An AO Rating for Assassin’s Creed Mirage Appears Online, But It’s Not Likely to Stick


In the Microsoft Store and other digital markets, Assassin’s Creed Mirage is listed with an AO or “Adult Only” rating, but this is unlikely to remain in the release. In the entire history of ESRB, only 27 games have received an AO rating, and most companies will do everything possible to get rid of such a label. This is because the AO rating is usually associated with extreme levels of violence, overly sexual content, and something even worse. Most regular retailers will not sell games with an AO rating.

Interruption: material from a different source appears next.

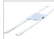
Kopfband, weicher Stoff, Einweg, Groß
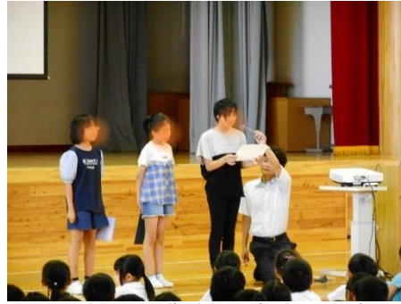
2 学期始業式 児童作文発表

With that in mind, it might be strange to think that Assassin’s Creed Mirage could be stuck with such a rating, but that’s because of a relatively recent rating: Real Gambling. According to the Microsoft Store, Assassin’s Creed Mirage includes intense violence, blood and mutilation, sexual themes, partial nudity and real gambling. The last part is the only reason for the AO rating, since without it, the game would easily fall into the territory of the M rating, and probably will be at launch.

Why the AO rating of Assassin’s Creed Mirage Probably Won’t Stick

Firstly, despite the fact that digital trading platforms are now much more common, the refusal of retailers to sell a game with an AO rating is harmful to the company. Ubisoft is huge, but not that big. Just because of the stigma alone, the potential AO rating of Assassin’s Creed Mirage won’t stick, and that’s unless it’s somehow a mistake. Some retailers like Amazon are showing a rating expectation sign for Assassin’s Creed Mirage, and it makes sense. It’s still too early for a serious rating, as Ubisoft Bordeaux is still working hard on the game.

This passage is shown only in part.